Thursday eventually does make it into books, but in a way she never suspected. Unknown to her (and to most people), there is an organization dedicated to making sure that the "real world" of fiction doesn't derail. Mrs. Nakijima is a part of this organization, JurisFiction, and Thursday quickly becomes their latest protégé, learning from their best agent, Miss Havisham (yes, that Miss Havisham).
Finally, to add one last plot twist, Thursday's time-jumping father has shown up, informing Thursday that all organic matter on the planet is going to turn into pink goo on December 12, unless they can figure out why and stop it.
Just like the first book in this delightful series, Lost in a Good Book is full of lovely wordplay and hilarious literary allusions.

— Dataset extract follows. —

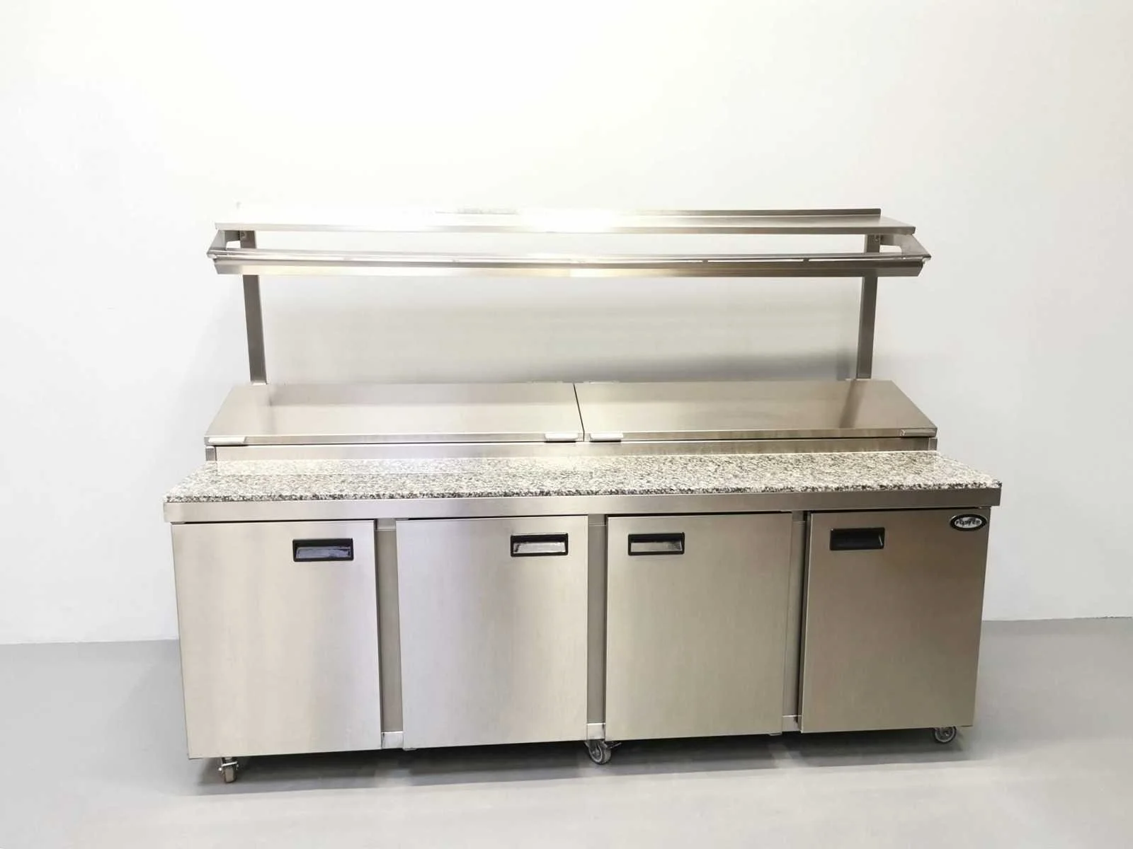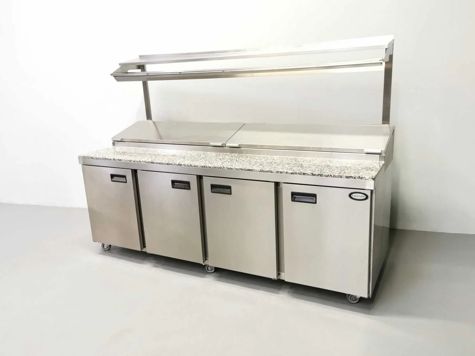 Voorzien van RVS dienbladen, marmeren werkblad, bovenste plank en bovenste opbergruimte Merk: Foster Type: FPS4GR Totale afmeting L: 230cm Totale afmeting Breedte: 85cm Totale afmeting Hoogte: 165cm Digitale uitlezing: true Ingebouwde koelcompressor: true Rvs: true Capaciteit.: 570l Aansluiting: 230V Mobiel: true
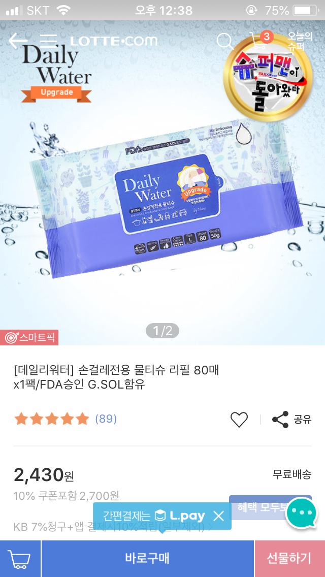 2,430원 물티슈 무료배송 샀어요  L포인트 조금 보태서

Jasper Fforde has begun annotating The Eyre Affair on his Web site. If you go there, you can see just what an immense project this is. And he doesn't let up in Lost in a Good Book, which is replete with allusions and puns. At one point, when Thursday is about to die at the hands of a coincidence, she runs into Violet D'eath, Alf Weidershehn, Bonnie Voyage, etc. Many of the book excerpts that open each chapter are written by one Millon de Floss. The P.R. agent assigned to Thursday is Cordelia Flakk. And the list goes on. You can hardly turn a page without encountering some literary allusion or pun to make you smile.
But the book is more than just a conglomeration of clever wordplay. First, and foremost, this book's plot is compelling. From the first chapter, the reader is drawn in and captivated by what is going on in Thursday's life. Just when you think it can't get any worse for Thursday, Fforde throws in another plot twist. (The synopsis I gave above ignores many of the twists and turns ‹ it gets too hard to summarize the plot without making it as long as the novel itself.) But Fforde doesn't allow his plot to take over the book; it doesn't get too unruly to handle. At points, Thursday feels as overwhelmed as the reader with everything that's happening, and then Fforde takes us off on a JurisFiction excursion, or takes us all to an art exhibit hosted by Thursday's loony brother Joffy in order to relax the franticness of the pacing before diving headlong again in the next chapter. What's amazing, though, is that even these "relaxation" moments are not superfluous; by book's end, they've all been revealed as having some important element for forwarding the story.
I confess I'm in love, but that's OK, because my wife knows about it; she's even participating in this affair. It's less than a year before The Well of Lost Plots comes out and I can reunite with Thursday and her crazy world. I can't wait.